This month’s issue of the American Journal of Hematology/Oncology® addresses various topics involving breast cancer, including human epidermal growth factor receptor 2 (HER2) assays, pathologic complete response (pCR), and the potential role of immuno- therapy in triple-negative breast cancer (TNBC). Rounding out the issue is a manuscript that addresses radiotherapy in gastric cancer.
In a commentary by Shelly Gunn, MD, PhD, of Targeted Genomics and Precision Pathology Services, the topic of HER2 testing that results in an “equivocal” assessment is discussed. Her manuscript, “Redefining HER2-Equivocal Breast Cancers: Lessons Learned From Genomic Pathology,” raises the following questions: are immunohistochemistry and dual-probe in situ hybridization tests giving the wrong answer 20% of the time or, could these tests be giving the correct answers and we are misinterpreting the data? Dr Gunn suggests that a strategy for reporting unequivocal biologically accurate results using existing FDA-approved testing methods is preferable to developing new HER2 assays.
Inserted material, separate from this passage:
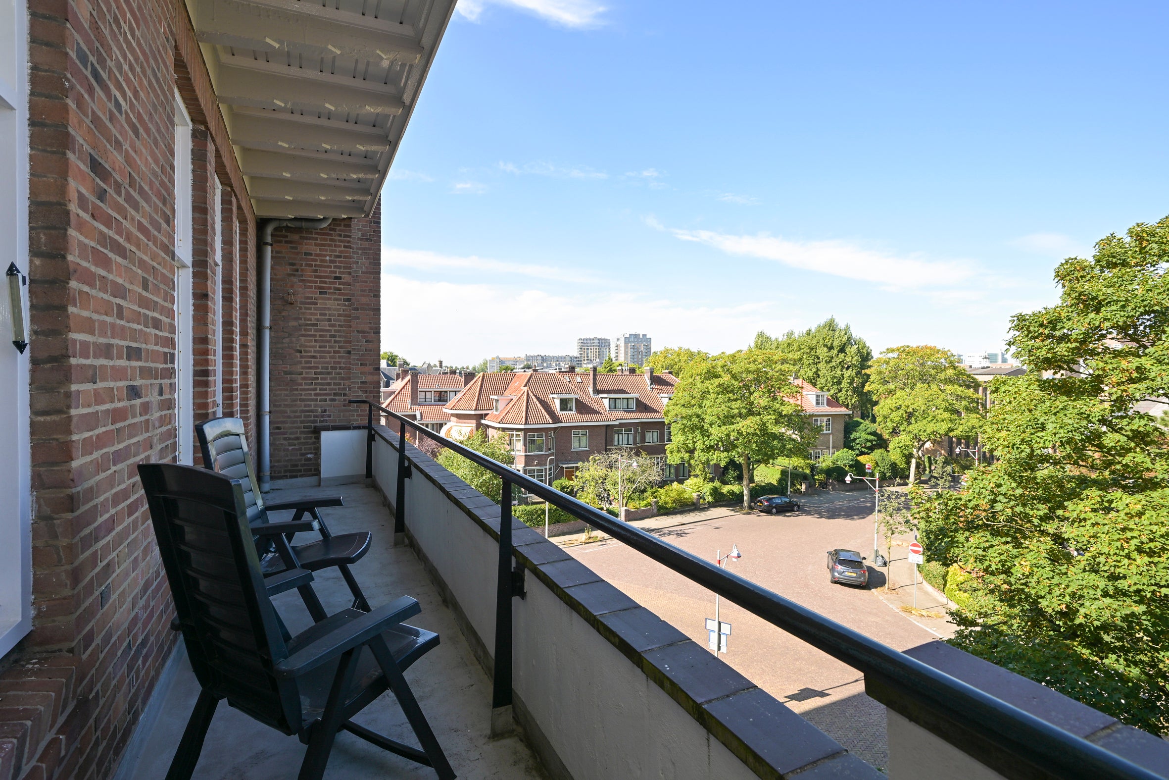 Dit schitterend gelegen hoekappartement van circa 148 m² bevindt zich in het monumentale Rijksmonument Zorgvliet en beschikt over drie zonnige balkons. Gelegen in de gewilde exclusieve woon- en ambassadewijk Zorgvliet, ligt het appartement op korte loopafstand van de Frederik Hendriklaan met een divers aanbod aan winkels en horecagelegenheden. Op de derde verdieping biedt het appartement een prachtig vrij uitzicht richting Statenkwartier. De indeling omvat een ruime L-vormige gang die leidt naar een lichte woonkamer met toegang tot een zonnig balkon, een eetkamer met suite kasten en een groot balkon. Er zijn twee slaapkamers, waaronder een hoofdslaapkamer met eigen balkon, en twee badkamers. De handgemaakte keuken is volledig uitgerust. Dit appartement biedt eveneens eigen zolderberging en parkeerfaciliteiten.

Isolina R. Rossi, BS, a student at Rush Medical College, Chicago, and colleagues describe a case report in which a patient experienced a pCR following systemic neoadjuvant therapy. The investigators note a high rate of pCR in HER2-positive, hormone receptor-negative patients with breast cancer who are treated with neoadjuvant docetaxel (T), carboplatin (C), trastuzumab (H), and pertuzumab (P) (TCH+P). Because of adverse events, the TCH+P treatment was aborted, but resulted in a pCR of grade 2 invasive ductal carcinoma.
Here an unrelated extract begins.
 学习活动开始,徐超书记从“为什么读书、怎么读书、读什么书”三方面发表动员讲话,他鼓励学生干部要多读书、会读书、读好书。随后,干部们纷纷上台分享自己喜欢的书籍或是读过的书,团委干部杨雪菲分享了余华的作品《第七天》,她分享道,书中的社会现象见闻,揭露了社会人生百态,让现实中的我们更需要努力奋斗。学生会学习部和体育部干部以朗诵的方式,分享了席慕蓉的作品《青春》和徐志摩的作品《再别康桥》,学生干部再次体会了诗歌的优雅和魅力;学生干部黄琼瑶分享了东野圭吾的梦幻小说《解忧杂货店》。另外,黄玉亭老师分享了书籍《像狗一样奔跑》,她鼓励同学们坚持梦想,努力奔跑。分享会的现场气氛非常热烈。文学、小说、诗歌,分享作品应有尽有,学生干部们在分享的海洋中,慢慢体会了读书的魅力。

Drs Dua and Tan explore the role of immunotherapy in TNBC. They note a lack of actionable targets, minimal targeted therapies, and a relatively poor prognosis associated with this clinical setting. In “Immunotherapy for Triple-Negative Breast Cancer: A Focus on Immune Checkpoint Inhibitors,” the investigators focus on the emerging data of immune checkpoint inhibitors in the treatment of TNBC.
Although there has been great progress in the management of gastric cancer, Repka and colleagues write that there is clear opportunity for improvement. Their manuscript, “The Role of Radiotherapy in the Management of Gastric Cancer,” provides a comprehensive discussion about advances in radiotherapy techniques and their applicability to gastric cancer.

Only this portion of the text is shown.